Dienstag, 1. Mai 2012

Jenny



Aufgewachsen in Neuholland. – Wo ist das? – Tief im Osten. In der Nähe von Oranienburg. Dort Lehre als Köchin. Abgeschlossen. Aber hinterher sagte ihr Lehrherr, sie soll gucken, dass sie ihr Geld auf eine andere Art verdient, Kochen sei nicht ihr Ding. – Wie? – Na ja, ich kann schon kochen, aber ich werde es nie zu was bringen damit, meinte er. – Weil dir die Genialität fehlt. – Beim Kochen. – Sonst nicht? – Sie lacht. Nein, sonst nicht. Und als ich einmal die Seite wechsle beim Fotografieren und feststelle: Du hast zwei gute Seiten, da antwortet sie trocken: Nicht nur zwei.



Sie ist dem Rat des Lehrherrn gefolgt, hat nur noch für sich gekocht und gearbeitet hat sie als Verkäuferin im Sportartikelfachhandel. Zuletzt bei Karstadt Sport in der Joachimstaler Straße. Und gewohnt in Schöneberg in der Grunewaldstraße, in einer Wohngemeinschaft, die sie gegründet hatte. In der WG wohnt sie immer noch und Grunewaldstraße ist wichtig für das, was dann geschah: Job bei Karstadt verloren. Arbeitsuchend und das zieht sich. Dem Hauswart zur Hand gegangen, auch geputzt, und dann sagt der Hauswart zu ihr eines Tages: In dem Laden schräg gegenüber, da suchen sie jemanden. Sie fragt: Was machen die da? – Er: Bilderrahmen. – Und sie: Damit kann man Geld verdienen? – Eine Woche zur Probe gearbeitet in dem Laden und schnell gemerkt: Das ist es. Das kann ich und das mache ich gerne. Der Laden: Art Rahmen, wo sie jetzt seit dreieinhalb Jahren arbeitet.

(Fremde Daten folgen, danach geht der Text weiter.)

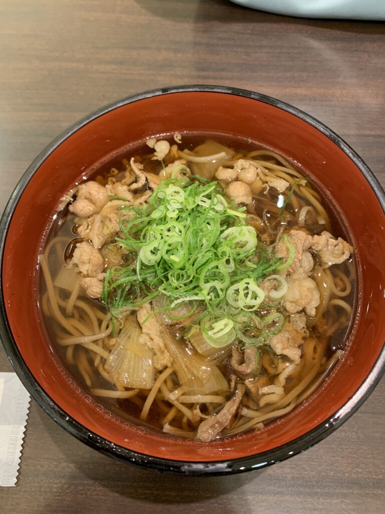 肉そば。長ネギも乗っているのに、タマネギも入っている。これは牛丼の具だね。牛丼も売っていたから、これはかけそばに牛丼の具を乗せただけだね。美味しいけれど。七味をかけた(下の写真)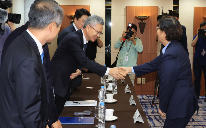 정은경 보건복지부 장관이 3일 서울 코리아나호텔에서 열린 6개 보건의학단체장 간담회에서 김택우 대한의사협회 회장과 인사하고 있다. [사진=연합뉴스] 보건복지부 장관이 주요 보건의약단체장들을 만나 지난 1년 반 동안 의료 현장을 지켜준 데 대해 감사를 표했다. 전공의 복귀와 함께 의료 대란이 마무리 수순에 돌입해,의료계와 정부도 새로운 관계를 찾아나설 것으로 보인다.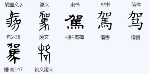 “驾”,会意兼形声字,“駕”的简体字。“睡虎地秦竹简”的“驾”字“从马从加”,是一个上下结构的会意字。“加”在这里既表声,也表示增多之意。这便是楷书“驾”的由来。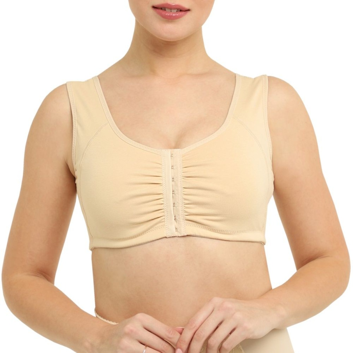 Двухрядная застежка на крючки спереди позволяет надеть бюстгальтер без посторонней помощи и болезненных ощущений (в отличие от застежки сзади, при застегивании которой может возникать боль в руках и растяжение послеоперационных швов)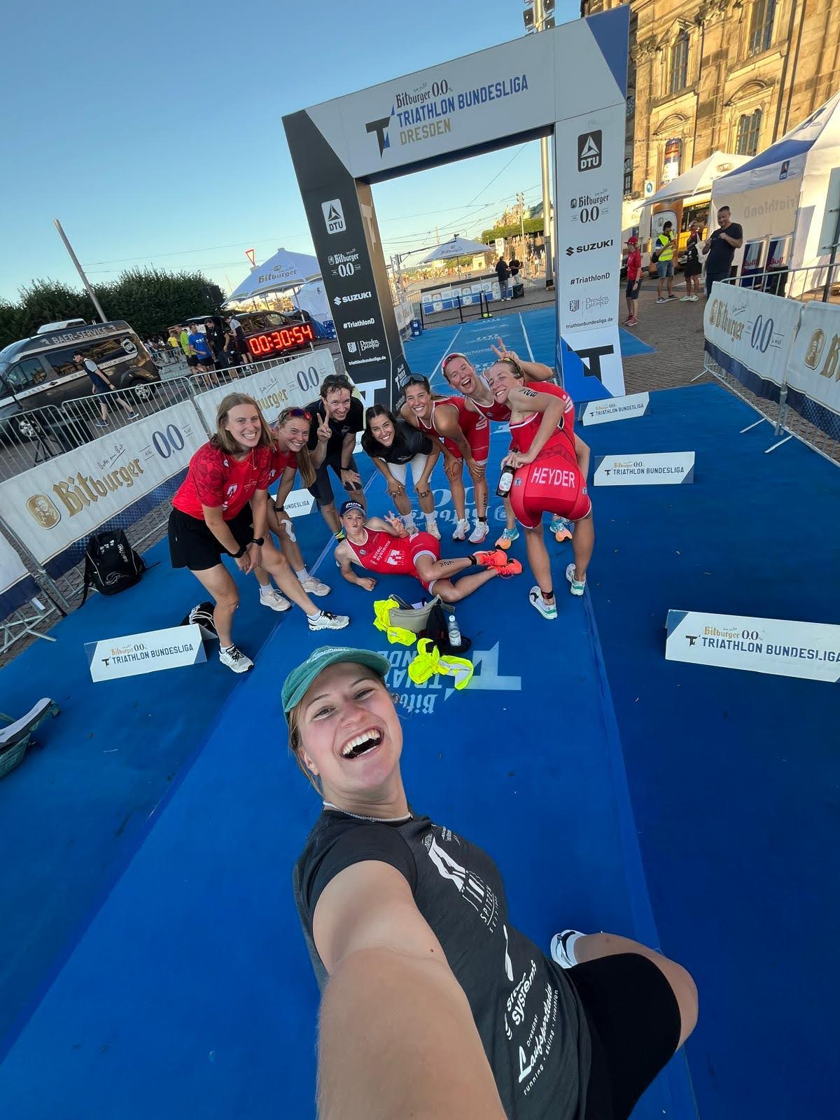 Am Ende des Wochenendes stand ein 9. Platz zu buche, mit dem wir alle mehr als einverstanden waren. Ich konnte mit Platz 16 mein bisher bestes Ergebnis in der 1. Triathlon Bundesliga erzielen, was meine Erwartungen an die Platzierung mehr als übertrafen. Das Beste dabei war aber der Moment, als ich Anna erzählte auf welchem Platz ich da gerade über die Linie gelaufen bin und wen ich im Zielsprint hinter mir gelassen habe. Sagen wir mal, es hat sie sehr gefreut. Naja lieferte auch ein super Rennen ab und konnte sich beim Laufen Platz 30 sichern. Anna und Pauline vervollständigen das Ergebnis auf den Plätzen 36 und 39.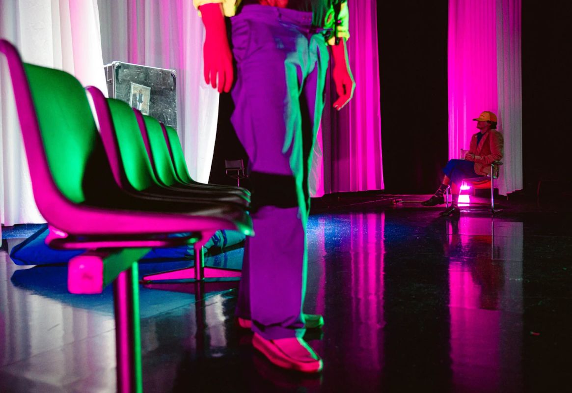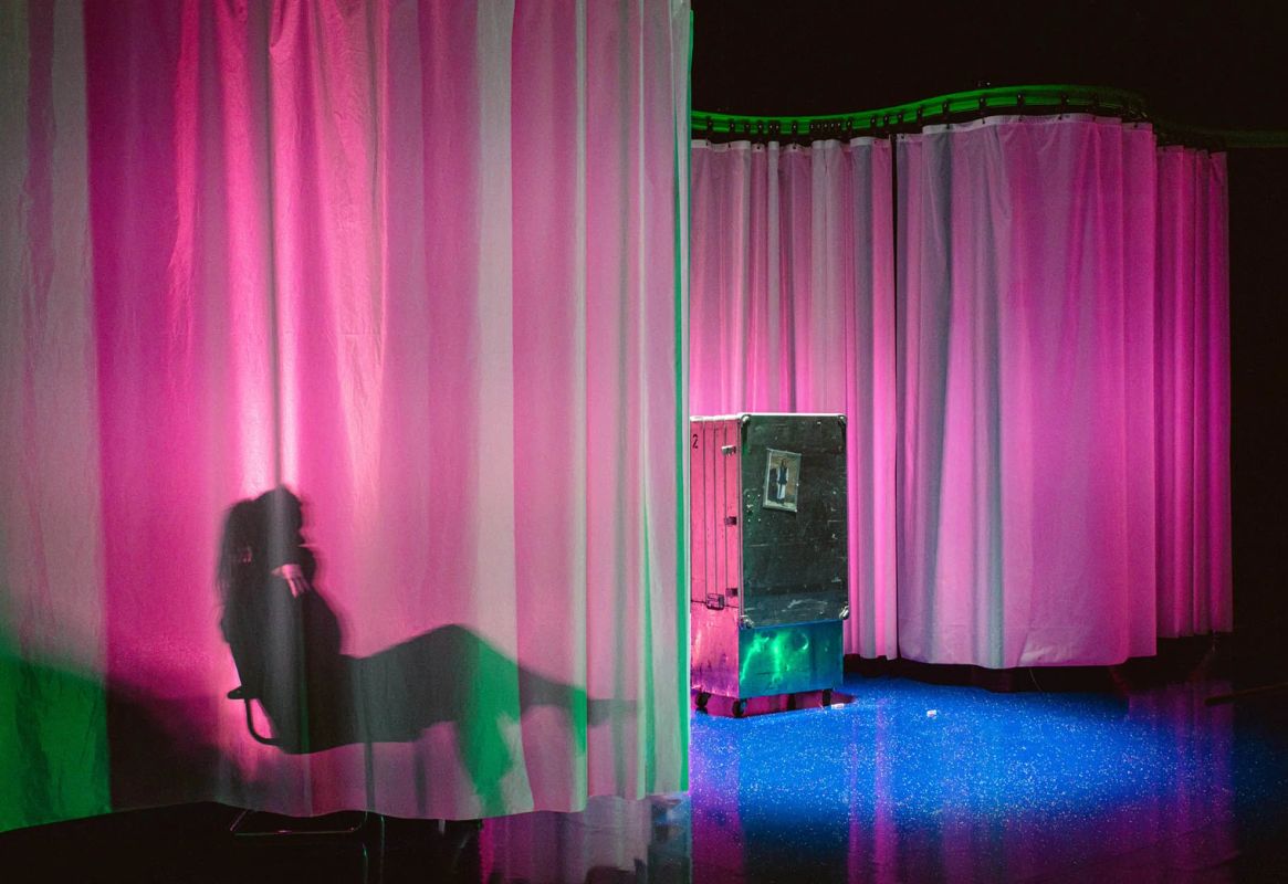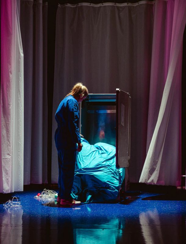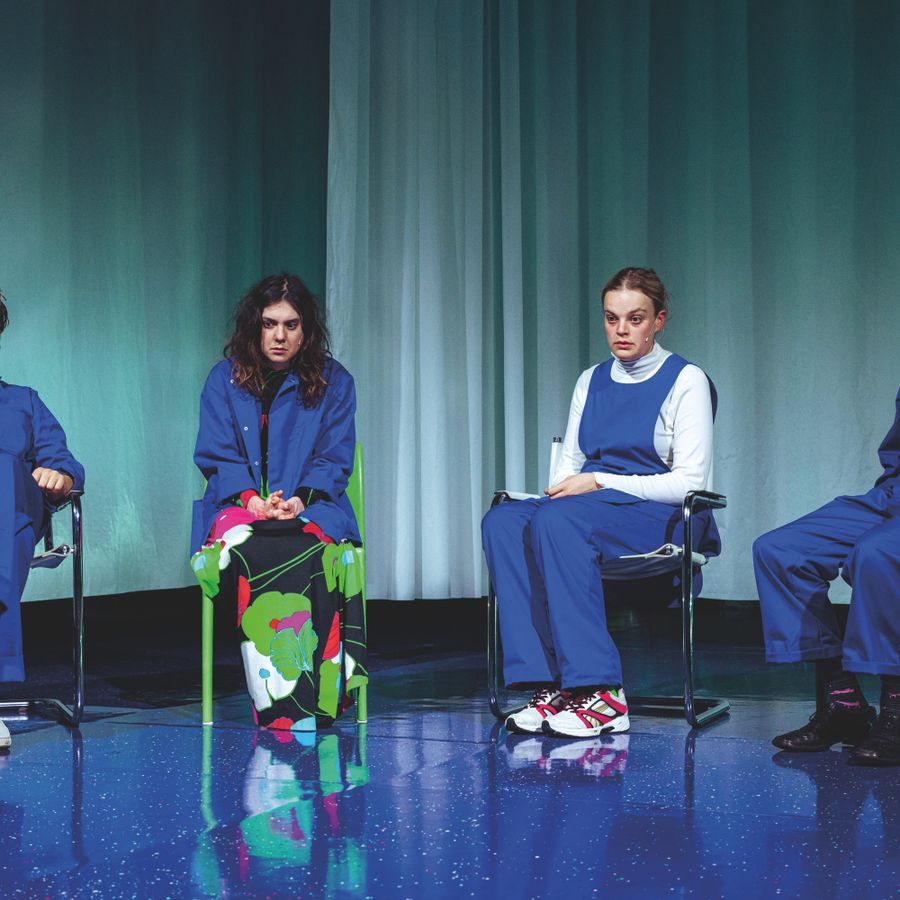 tekst & regie Jesse Vandamme / met Louise Bergez, Lucas van der Vegt, Lucie Plasschaert & Joeri Happel / muziek Laurens Mannaerts / decor & kostuums Chloé Wasselin-Dandre / dramaturgie Kaatje De Geest / lichtontwerp Dennis Diels / coach schrijfproces Kristof Van Baarle / outside eye Laurens Aneca / met dank aan Emma Gheeraert / © Michiel Devijver

Wenn du in der U-Bahn mit jemandem ins Gespräch kommst und gefragt wirst, was du machst …  … dann sage ich, Bilder einrahmen. – Und weiter? – Weiter fragen die Leute dann nicht mehr.  


Jennys Geschichte vom Bildereinrahmen ist, dass sie als Mädchen Dekorateurin werden wollte, aber ihre Mutter meinte, das soll sie sich aus dem Kopf schlagen, dazu seien ihre  Noten nicht gut genug. Darauf ist sie was geworden, was sie gar nicht werden wollte, und damit ging es ihr so, wie es vielen Leuten geht. Das, was sie nicht werden wollte, hat sie dann jedoch an einen Ort geführt, wo ihr eine Arbeit angeboten wurde, für die sie sich nur deshalb interessiert hat, weil sie in einer misslichen Lage war wegen der Arbeit, die ihr nicht so gelegen und auch nicht so gut gefallen hat. Anders wäre sie nie darauf gekommen, dass sie ein Talent hat für das Bildereinrahmen und wie viel Freude es ihr machen wird – weil sie nicht einmal wusste, dass es diese Arbeit gibt. Das ist ein großes Glück, das Jenny da hatte, und etwas, das nicht so vielen Leuten passiert. 




Ausgemacht war: Wir reden nur über deine Arbeit hier bei Art Rahmen. Dann wurde es aber ein Gespräch über alles Mögliche. Wir haben viel gelacht, ich habe Jenny erzählt, was Courtney Love macht, vielmehr nicht macht, damit sie auf der Bühne zum Rock´n´Roll-Tier wird, und Jenny hat erzählt, was sie macht, wenn sie nicht arbeitet, und was sie gerne machen würde. Viel hat sie erzählt und trotzdem möchte ich noch mehr wissen. Am liebsten sie noch einmal fotografieren und dann nur über Jenny privat reden. Obwohl die Fotos, die ich letzten Freitag von ihr gemacht habe, reichen würden, um eine 500-Seiten-Biografie zu illustrieren. Und fast alle sind sie was geworden. Wie bei einer Frau mit vielen guten Seiten auch nicht anders zu erwarten.